I rigged up one of these last night and it seems as though no one has wrote the book on usage. Some say heavy arsenal, this size jighead and what ever soft plastic you want. Since the main tying point on these rigs has weight to it, I don't see why you have to have all arms with weighted soft plastic. It seems to me if you have, let's say five arms, then why not weigh the bottom two and just use a hook on the other three with whatever soft plastic you want. This is a rig that you are casting and reeling, not giving it any extra movement. All more weight would mean is sinking faster. The grubs, swim baits or what ever are going to swim when you reel anyway. less weight to me means less problems.......... Just brain storming.
That is what some people are doing for balance and to reduce weight when great depth or speed isn't important. Jonathon VanDam talked about this in his seminar Saturday at the D&R Sports Center NBAA Day. He's often using smaller minnow bodies and jig heads, and finding that catches more bass more often so far.

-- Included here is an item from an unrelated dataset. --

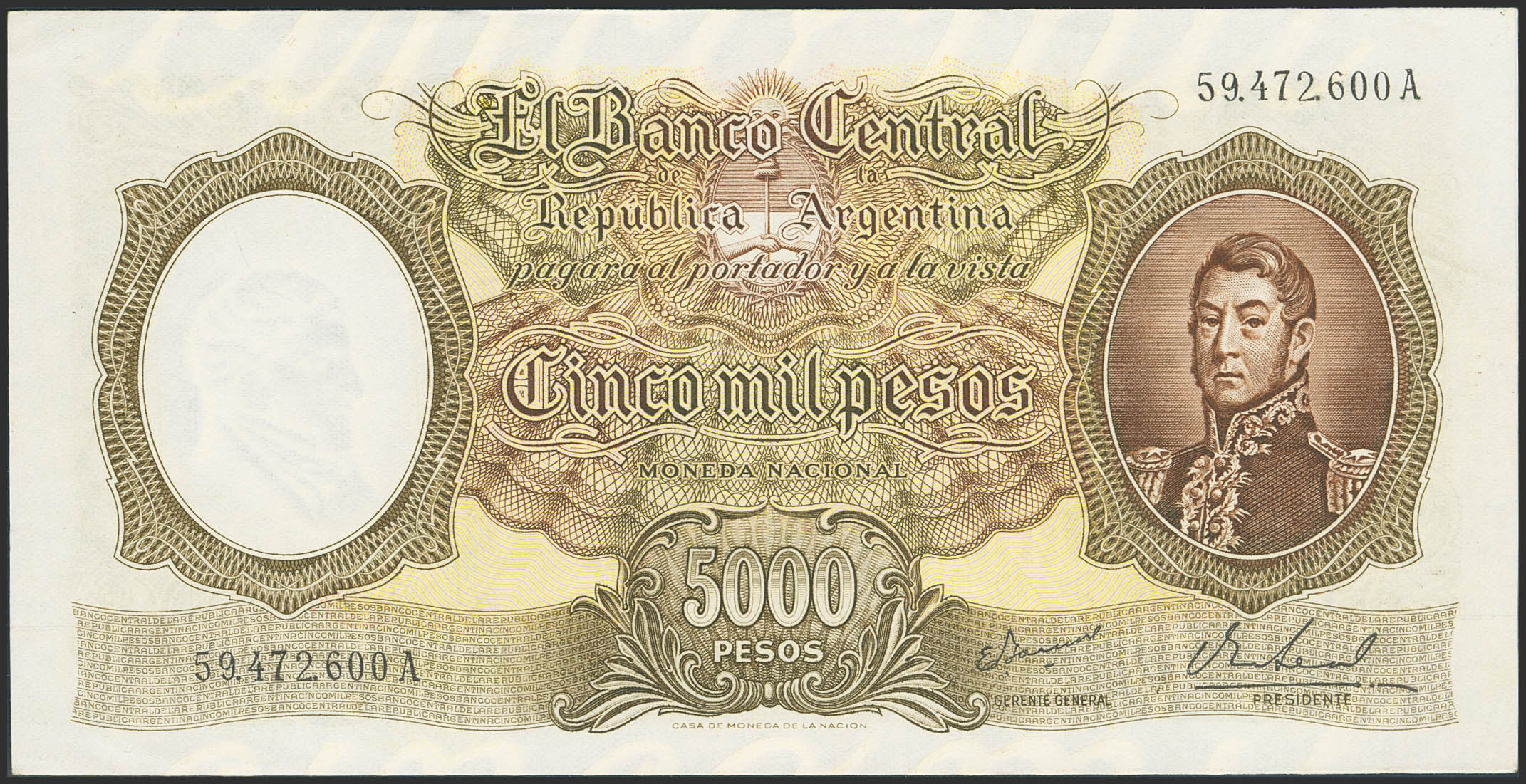 ARGENTINA. 5000 Pesos. (1962ca). (Pick: 280). Less than Uncirculated.

Well it's going to be aloot of trial and error this spring
My thoughts are
The 5" paddle tail that there throwing down south is going to be to big for Michigan. and we won't be fishing them 20' down
So smaller baits will mean smaller hooks
I have no weight, 1/8 oz in 3/0 and 3/8 oz in 5/0
And the plan is to mix and match to find the right combo
As a Walleye guy that likes to troll
I can tell you, lead weight is very speed specific
there's a huge difference from 1.0 MPH to 1.5 MPH if your trolling in line weights.
So, If your burning the rig you;ll need more weight to keep it down
And less if your slow rolling it
So,
My plan is to cast it out, reel it in and then adjust by adding the heavier
jigs on the bottom till I get to the depth I'm after
And I like the ideal of the big hooks being down there
I was tossing a couple off my breakwall before the ice froze. 5 1/4 jig heads with 4/0 hooks seemed to work find. All I had were some 4 inch swim baits in a bag I got somewhere. It worked great as long as you didn't reel to fast and overpower it. Tried some grubs I had and they looked good also. Just going to take some playing around to get it. It was good to see Gerry Gostanic say good things about it in the article. Be interesting to see if every dead bass floating in SC this spring is blamed on the rig.
I see the BPS sales circular has 2 of them in there for sale now.
There is also versions of this that have no weighted head.
Quote from: huston on February 20, 2012, 06:24:13 PM
There is also versions of this that have no weighted head.
One of the biggest problems I had when using it a couple of weeks ago was it tumbling in the air and the line would wrap around the head between the wire arms. Talking with Stacey and Greg we determined this was from the lead head and not enough weight on the arms. I think the no weight heads are the cure for this if you dont want to fish deep and/or your not going to add a bunch of weight to each arm. Also I was casting over head since I was in the middle of the boat most of the time. I can see it not doing that as much if you were lobbing it side arm.
Seems like most people I have seen cast it in videos are doing a kind of sidearm lob most of the time. You should have asked for equal time!
This is going to be one season to remember. It may be called the summer of the A Rig. I picked up two of the un weighted for $10.00 each too and a medium heavy rod. We should just troll this thing with rod holders on our Bass boats.